1837395 – nwfilter fails trying to bind/unbind rules for tap device that was/is in use by a different domain

Bug 1837395 - nwfilter fails trying to bind/unbind rules for tap device that was/is in use by a different domain

Summary: nwfilter fails trying to bind/unbind rules for tap device that was/is in use ...

Keywords:
Status:	CLOSED ERRATA
Alias:	None
Product:	Red Hat Enterprise Linux Advanced Virtualization
Classification:	Red Hat
Component:	libvirt
Sub Component:
Version:	8.2
Hardware:	Unspecified
OS:	Unspecified
Priority:	unspecified
Severity:	unspecified
Target Milestone:	rc
Target Release:	8.3
Assignee:	Laine Stump
QA Contact:	yalzhang@redhat.com
Docs Contact:
URL:
Whiteboard:
Depends On:
Blocks:
TreeView+	depends on / blocked

Reported:	2020-05-19 12:38 UTC by David Vaanunu
Modified:	2021-10-25 08:00 UTC (History)
CC List:	14 users (show)
Fixed In Version:	libvirt-6.6.0-5.el8
Doc Type:	If docs needed, set a value
Doc Text:
Clone Of:
Clones:	1874304 1874308 (view as bug list)
Environment:
Last Closed:	2020-11-17 17:48:34 UTC
Type:	Bug
Target Upstream Version:
Embargoed:
Dependent Products:

Attachments	(Terms of Use)

Description David Vaanunu 2020-05-19 12:38:09 UTC

Description of problem:
While running VM migrate, few were failed.
Running 60Hrs test, 1200 iterations, 2 failures

Version-Release number of selected component (if applicable):

redhat-release-8.2-1.0.el8.x86_64
rhv-release-4.4.0-31-001.noarch
vdsm-4.40.13-1.el8ev.x86_64



How reproducible:

Running JMETER script, 1  thread

Steps to Reproduce:
1. Select VM
2. Select Host (Randomly)
3. Start Migrate

Actual results:

Have VM migrate failures

Expected results:

No Errors


Additional info:

vdsm.log.61: Log TimeStamp - 2020-05-15 01:46:05,809+0000 (vm_214)
vdsm.log.12: Log TimeStamp - 2020-05-17 02:34:15,550+0000 (vm_219)
MigrationErrors_4.4 - Engine ERRORS


https://drive.google.com/open?id=1Zj0UXSgpug61Dm3Rta_A88lIKJbN01sd

Comment 1 Ryan Barry 2020-05-20 01:13:53 UTC

Possibly worth a look, but a clean reproducer may be hard if it only happens .16% of the time

Comment 2 Milan Zamazal 2020-05-20 08:13:24 UTC

I can see the following errors in the log:

  libvirt.libvirtError: operation failed: binding 'vnet54' is already being removed

  libvirt.libvirtError: operation failed: binding 'vnet43' already exists

It looks like a race in networking code.
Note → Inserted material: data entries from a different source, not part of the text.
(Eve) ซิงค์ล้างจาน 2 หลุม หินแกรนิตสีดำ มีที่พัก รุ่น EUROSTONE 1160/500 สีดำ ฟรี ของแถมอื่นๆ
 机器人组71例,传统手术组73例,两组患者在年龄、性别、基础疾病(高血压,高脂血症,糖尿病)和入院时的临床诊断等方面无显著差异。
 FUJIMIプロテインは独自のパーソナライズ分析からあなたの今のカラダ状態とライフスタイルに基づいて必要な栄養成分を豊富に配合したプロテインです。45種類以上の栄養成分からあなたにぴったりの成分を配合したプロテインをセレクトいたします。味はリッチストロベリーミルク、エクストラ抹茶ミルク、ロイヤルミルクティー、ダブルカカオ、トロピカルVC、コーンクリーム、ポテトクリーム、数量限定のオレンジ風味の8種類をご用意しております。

The migrations don't seem to be initiated too fast after each other so it may be a real bug.

David, could you please provide the corresponding logs from the destinations so that we can see more info about the errors? (It's also often helpful to have DEBUG log level enabled.)

Comment 3 David Vaanunu 2020-05-20 15:10:11 UTC


Add vdsm.log.84.xz file. (Dest host for vm_219)
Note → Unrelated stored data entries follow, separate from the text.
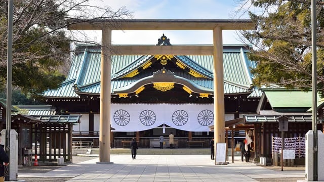 千代田区九段にある靖国神社は、日本の戦没者の英霊を祀ることを目的としています。 1869年(明治2年)に「招魂社」として建立され、2019年に創建150周年を迎えました。桜の名所としても知られ、正月やお盆はもちろん、早春にも多くの参拝客で賑わいます。江戸城田安門前の第一鳥居は日本最大級!二の鳥居は国内最大の青銅鳥居でもあります。
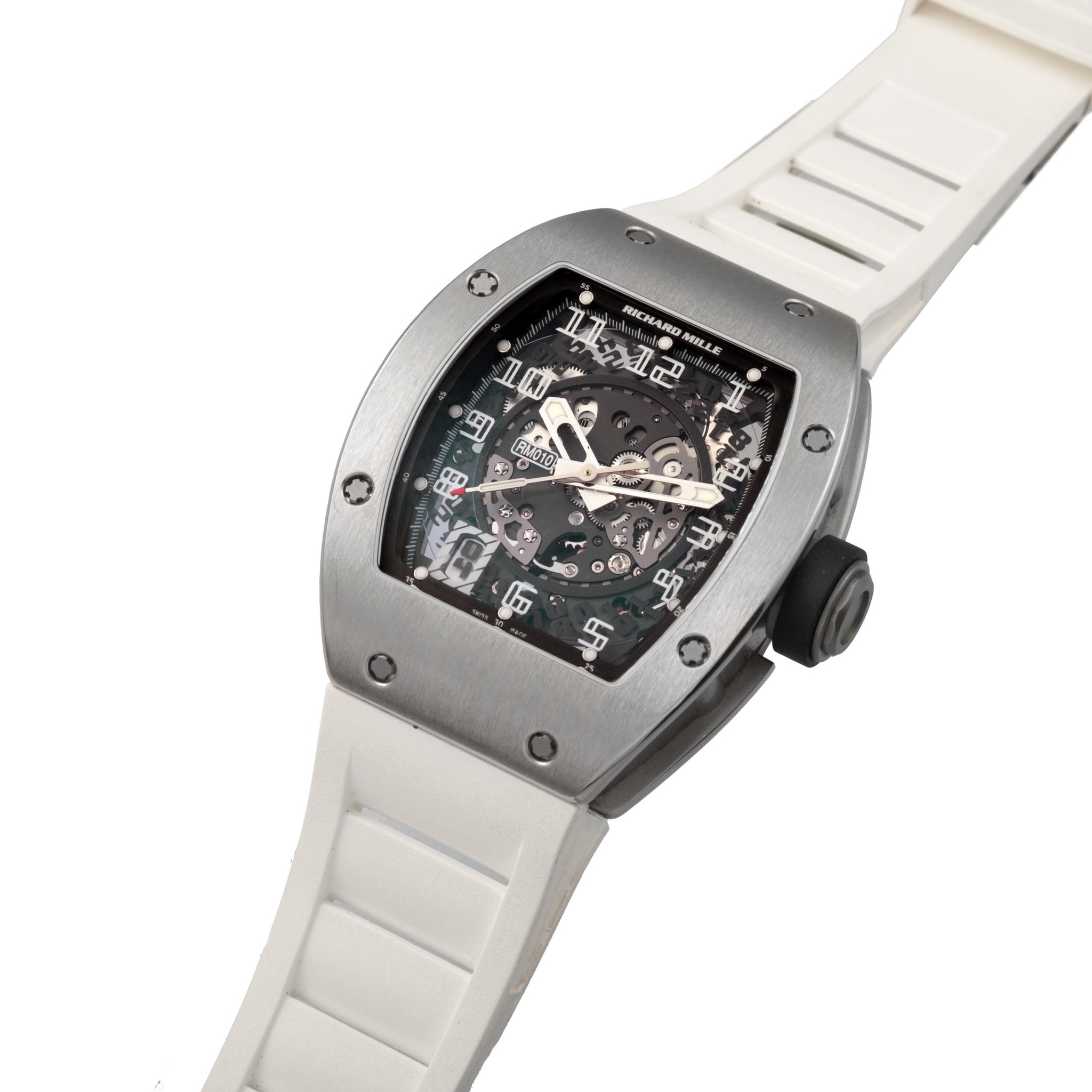 The present Richard Mille RM010 in white gold is an outstanding example of the model that helped define the brand’s modern architectural identity. Introduced as one of the earliest references to establish the signature tonneau case, skeletonized movement and three-dimensional dial construction, the RM010 quickly became emblematic of Richard Mille’s fusion of high horology and avant-garde engineering. Crafted in solid white gold, the case displays the complex geometry and meticulous brushing that have positioned the brand among the most technically sophisticated case manufacturers in contemporary watchmaking.
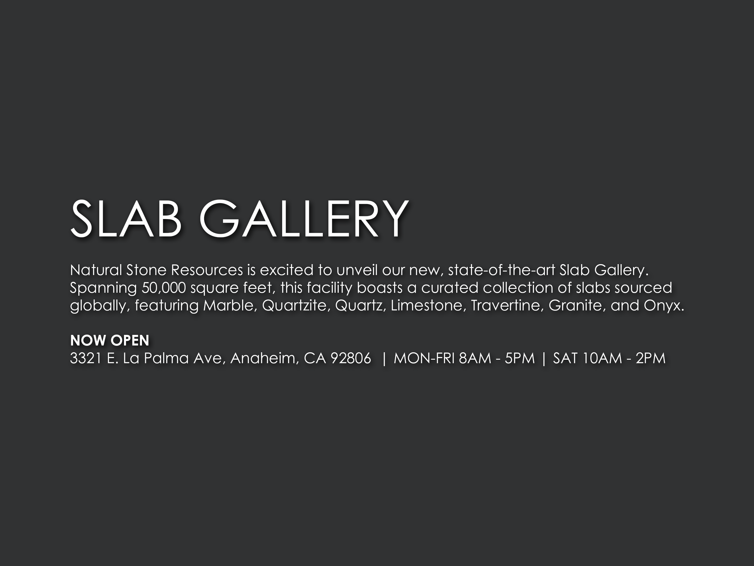 Natural Stone Resources is excited to unveil our new, state-of-the-art Slab Gallery. Spanning 50,000 square feet, this facility boasts a diverse collection of slabs sourced globally, featuring marble, quartzite, limestone, granite, onyx, and semi-precious stones.

https://drive.google.com/open?id=1Zj0UXSgpug61Dm3Rta_A88lIKJbN01sd

Comment 4 Milan Zamazal 2020-05-20 16:58:45 UTC

Thank you, David. I can't see a migration error on the destination. There is VM.migrationCreate call and then these messages follow:

  2020-05-17 02:34:09,968+0000 INFO  (dhclient-monitor) [root] Received DHCP response: {'action': 'configure', 'iface': 'vnet54'} (dhclient_monitor:129)
  2020-05-17 02:34:09,970+0000 INFO  (dhclient-monitor) [root] Interface vnet54 is not a libvirt interface (dhclient_monitor:134)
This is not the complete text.